> [WHAT IS NEEDED] All of the data below should be printed again exactly, pictures excluded.

> [DATA BLOCK]
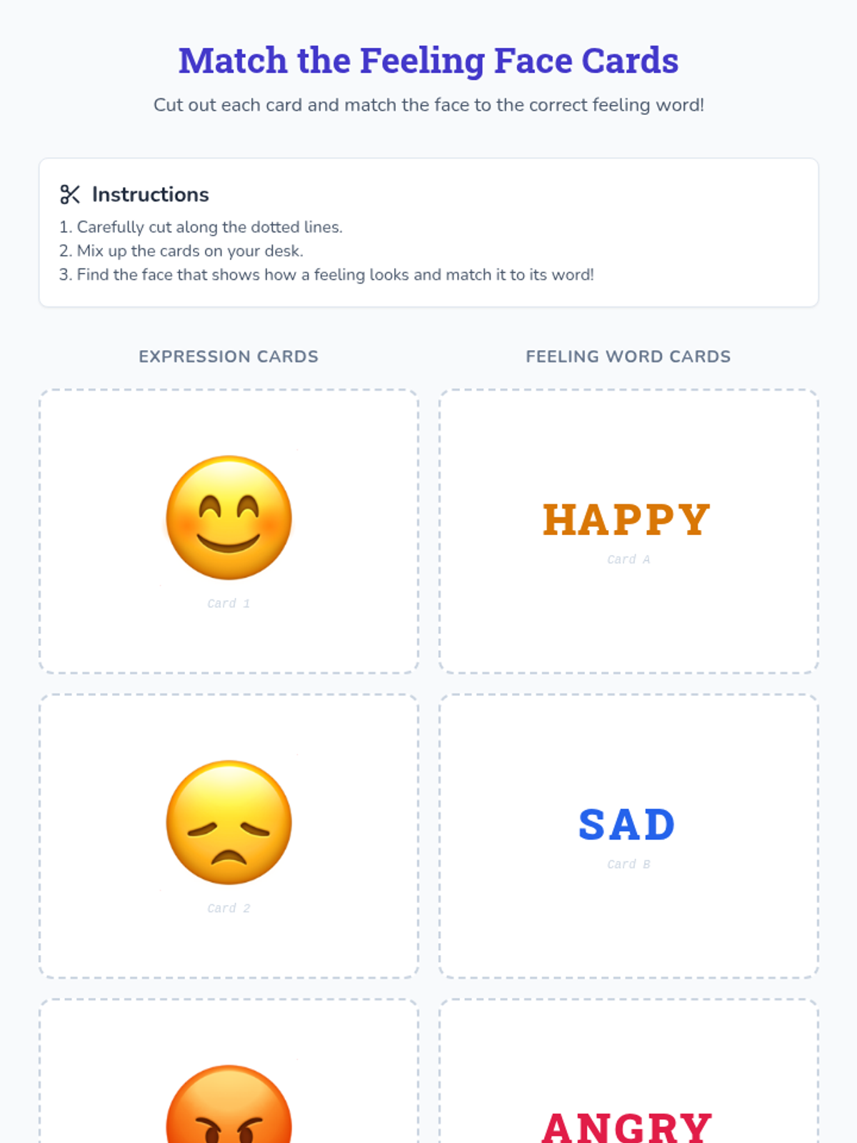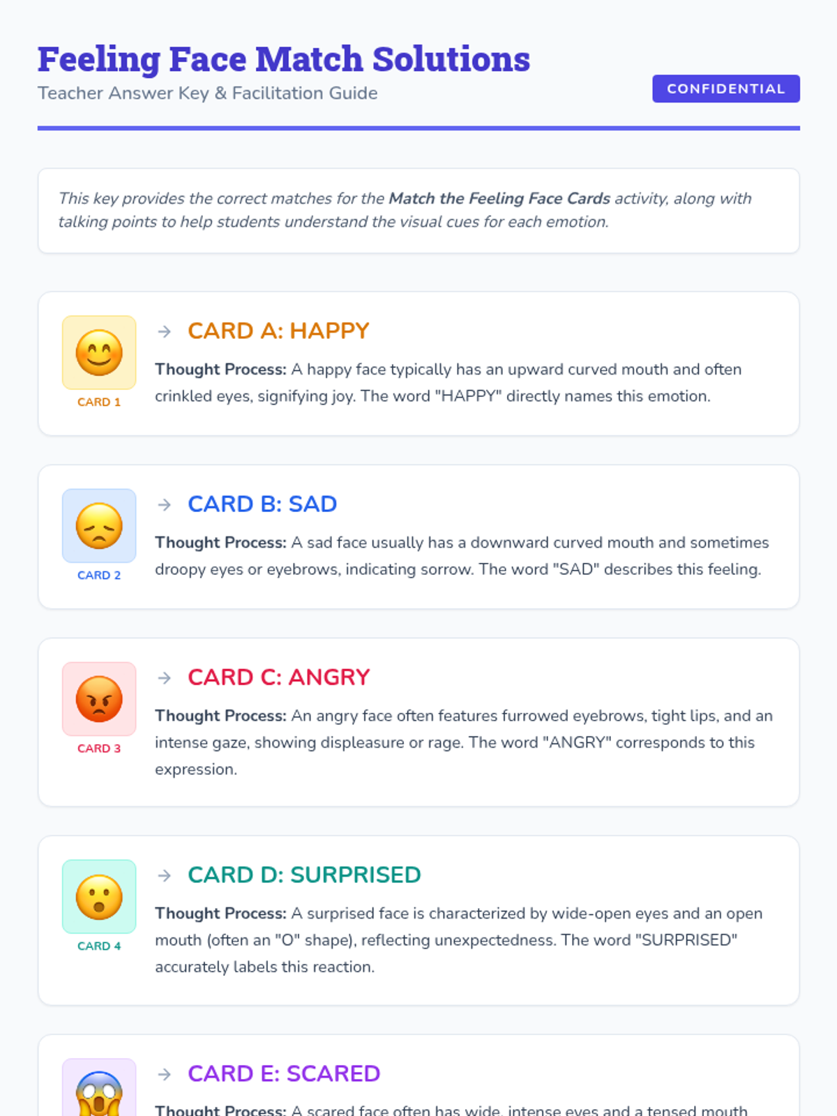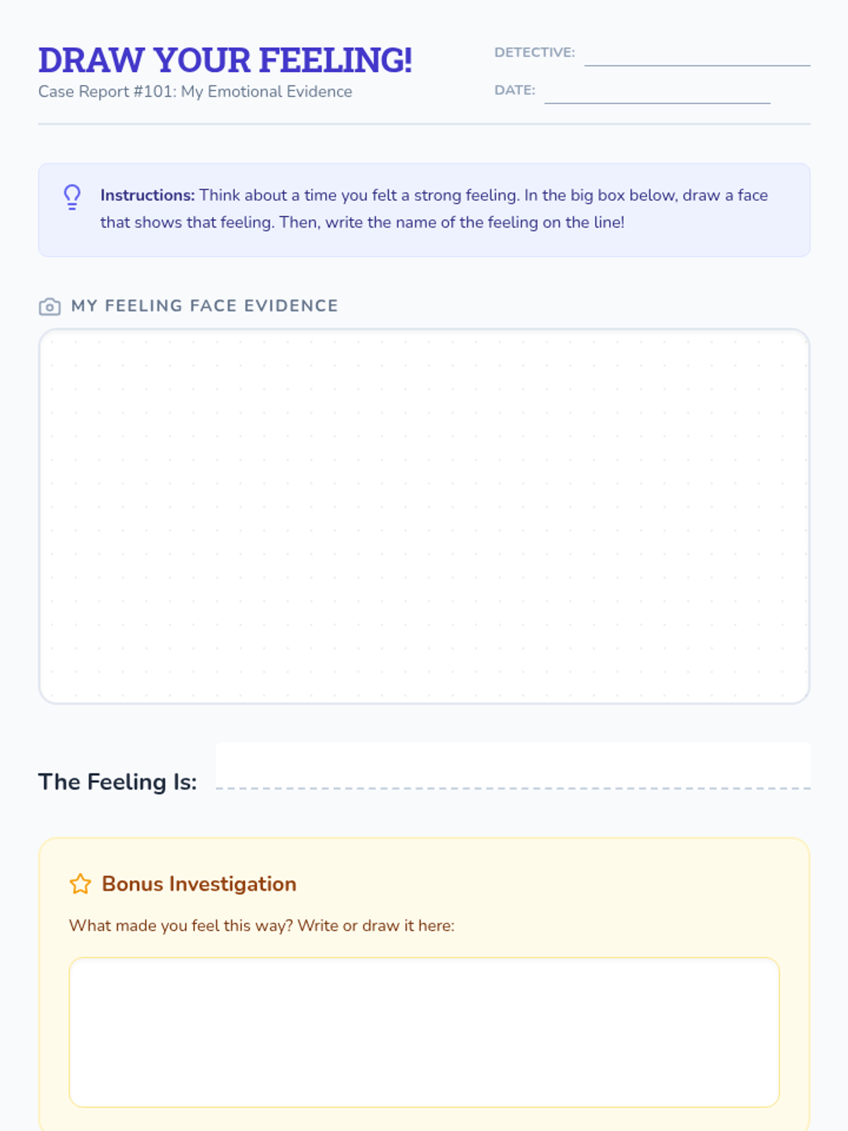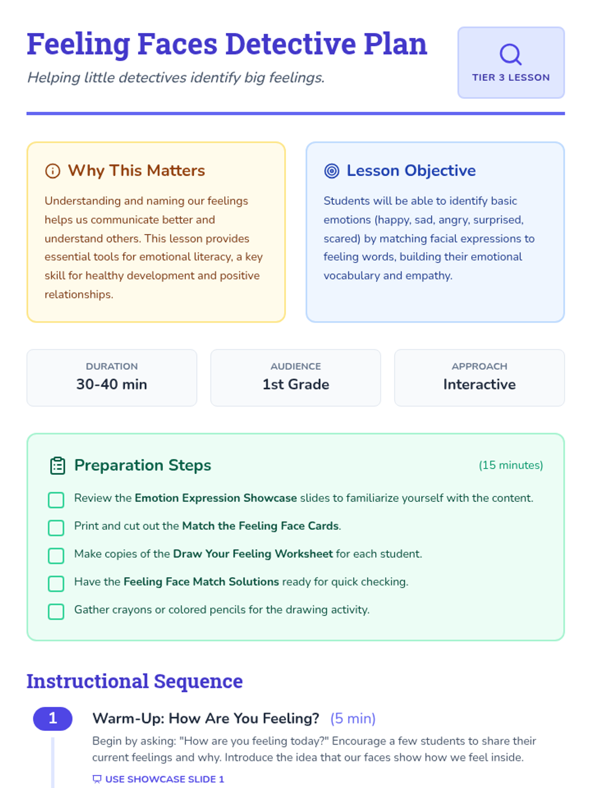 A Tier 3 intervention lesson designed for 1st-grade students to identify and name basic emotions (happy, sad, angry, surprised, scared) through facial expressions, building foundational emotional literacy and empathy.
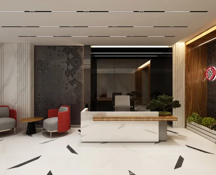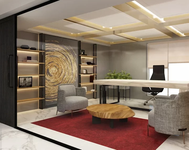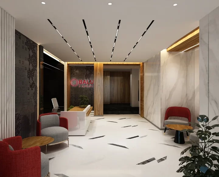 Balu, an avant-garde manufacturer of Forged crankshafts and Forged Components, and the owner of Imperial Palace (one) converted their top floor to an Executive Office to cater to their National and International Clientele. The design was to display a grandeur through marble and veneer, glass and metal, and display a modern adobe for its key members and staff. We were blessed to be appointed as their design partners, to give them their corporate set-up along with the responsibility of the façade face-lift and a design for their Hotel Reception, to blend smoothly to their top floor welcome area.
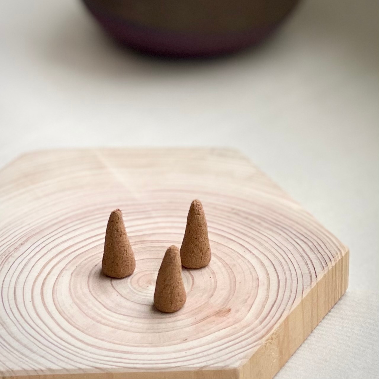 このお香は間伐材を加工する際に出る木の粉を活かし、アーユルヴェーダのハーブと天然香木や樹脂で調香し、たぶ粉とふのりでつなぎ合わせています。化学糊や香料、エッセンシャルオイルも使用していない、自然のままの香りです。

> [ANSWER TO THIS EXERCISE]
 A Tier 3 intervention lesson designed for 1st-grade students to identify and name basic emotions (happy, sad, angry, surprised, scared) through facial expressions, building foundational emotional literacy and empathy.
 Balu, an avant-garde manufacturer of Forged crankshafts and Forged Components, and the owner of Imperial Palace (one) converted their top floor to an Executive Office to cater to their National and International Clientele. The design was to display a grandeur through marble and veneer, glass and metal, and display a modern adobe for its key members and staff. We were blessed to be appointed as their design partners, to give them their corporate set-up along with the responsibility of the façade face-lift and a design for their Hotel Reception, to blend smoothly to their top floor welcome area.
 このお香は間伐材を加工する際に出る木の粉を活かし、アーユルヴェーダのハーブと天然香木や樹脂で調香し、たぶ粉とふのりでつなぎ合わせています。化学糊や香料、エッセンシャルオイルも使用していない、自然のままの香りです。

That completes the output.